Landkreis - Der Landkreis Oldenburg will die Biogasanlagen hinsichtlich der wasserrechtlichen Anforderungen noch intensiver unter die Lupe nehmen. Dabei sollen auch die umliegenden Äcker, Flüsse und Bäche kontrolliert werden. Grund sind die fünf im Vorjahr „nach Wasserrecht“ geprüften Anlagen, die laut Kreisverwaltung alle Mängel aufwiesen.

Sämtliche Mängel seien auf individuelle Fehler der Betreiber zurückzuführen. So seien Silageplatten überfüllt gewesen. Schmutz- und Silagesickerwasser sei in eine Mulde gepumpt worden. Von dort gelangte es ins Oberflächengewässer. In einem anderen Fall sei ein Rohr durch einen Wall verlegt worden und belastetes Wasser ins Oberflächenwasser gelangt. Bei drei von fünf Anlagen seien Abwasserpilze im Fließgewässer gefunden worden.

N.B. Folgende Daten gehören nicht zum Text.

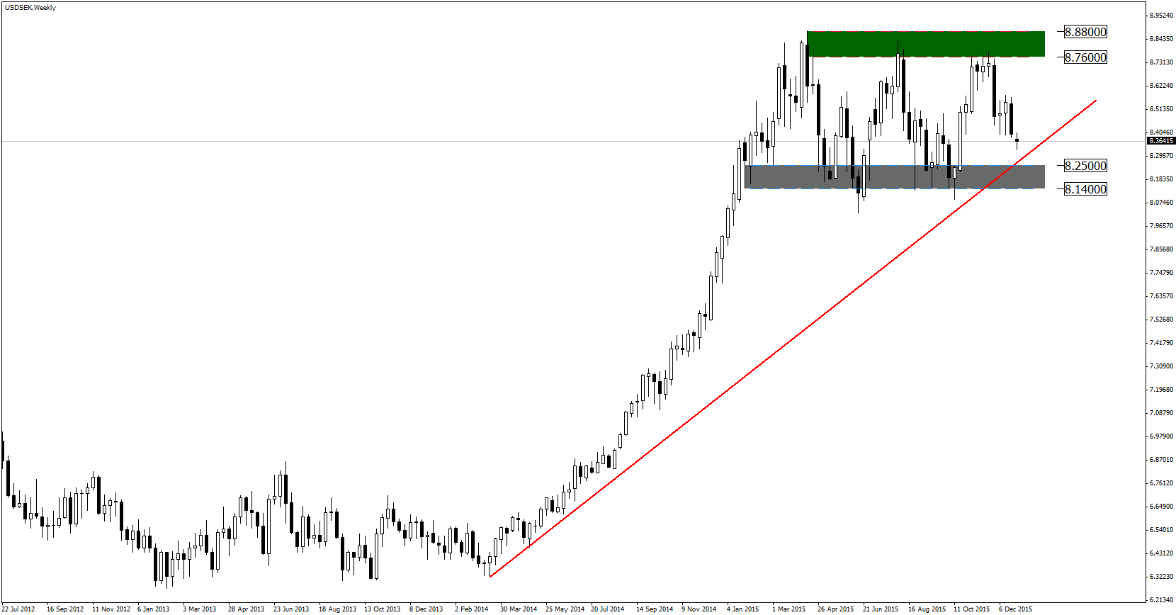 Para walutowa USD/SEK od 2014 roku znajduje się w długoterminowym trendzie wzrostowym. Głównym powodem tak mocnego trendu wzrostowego były planowane podwyżki stóp procentowych w Stanach Zjednoczonych, które już się ziściły. Aktualnie na wykresie znajdujemy się w trendzie bocznym, który rozciąga się pomiędzy wsparciem 8,25-8,14 a oporem 8,76-8,88 na interwale tygodniowym. Na ostatnim posiedzeniu Banku Centralnego Szwecji dowiedzieliśmy się o gotowość banku centralnego do interwencji i dalszego luzowania polityki pieniężnej. Jeżeli bank centralny Szwecji postanowi obniżyć po raz kolejne stopy procentowe to możemy oczekiwać dalszego osłabiania się korony szwedzkiej.

Ob auf die Biogasanlagenbetreiber ein Bußgeld zukommt, wird nach Abschluss des Verfahrens geprüft.

Insgesamt hat der Landkreis im Vorjahr 55 der 79 Biogaslagen (70 Prozent) überprüft, 48 davon vor Ort, elf ohne Ankündigung. Dabei seien 16 geringe technische Mängel festgestellt worden.

Die 79 Biogasanlagen verteilen sich auf alle acht Kommunen im Landkreis. In der Gemeinde Großenkneten stehen die meisten (18), gefolgt von Dötlingen (15).


Hartmut Schlepps, Präsident des niedersächsischen Landvolks, bezeichnete gegenüber dem NDR die bemängelten Anlagen als Einzelfälle. Missstände wie in diesem Fall und mögliche Folgen für die Natur wären selbst bei angekündigten Kontrollen aufgefallen, weil sie vom Landwirt nicht so schnell zu beseitigen wären. Die überwiegende Mehrzahl der insgesamt 1500 Anlagen in Niedersachsen sei in Ordnung, so Schlepps weiter. Wenn wirklich Gewässer verunreinigt worden wären, dann sei das aber eine Straftat und nicht zu entschuldigen. Er setzt auch weiterhin auf angekündigte Kontrollen, wenn keine besonderen Anlässe wie eine Gefahrenabwehr vorliegen.

In den Anlagen wird Biomasse, meist nachwachsende Rohstoffe und tierische Exkremente, zu Biogas und Energie umgewandelt. In Deutschland gibt es rund 8000 Biogasanlagen. Vor zehn Jahren waren es etwa 3800.

Nach Darstellung des Landkreises laufen die Vergütungsvereinbarungen nach dem Erneuerbare-Energien-Gesetz für Biogasanlagen aus. Es sei damit zu rechnen, dass Betreiber nicht mehr in Altanlagen investierten und Anlagen auf „Verschleiß“ gefahren würden. Die Anforderungen an die Überwachungsbehörden würden damit steigen.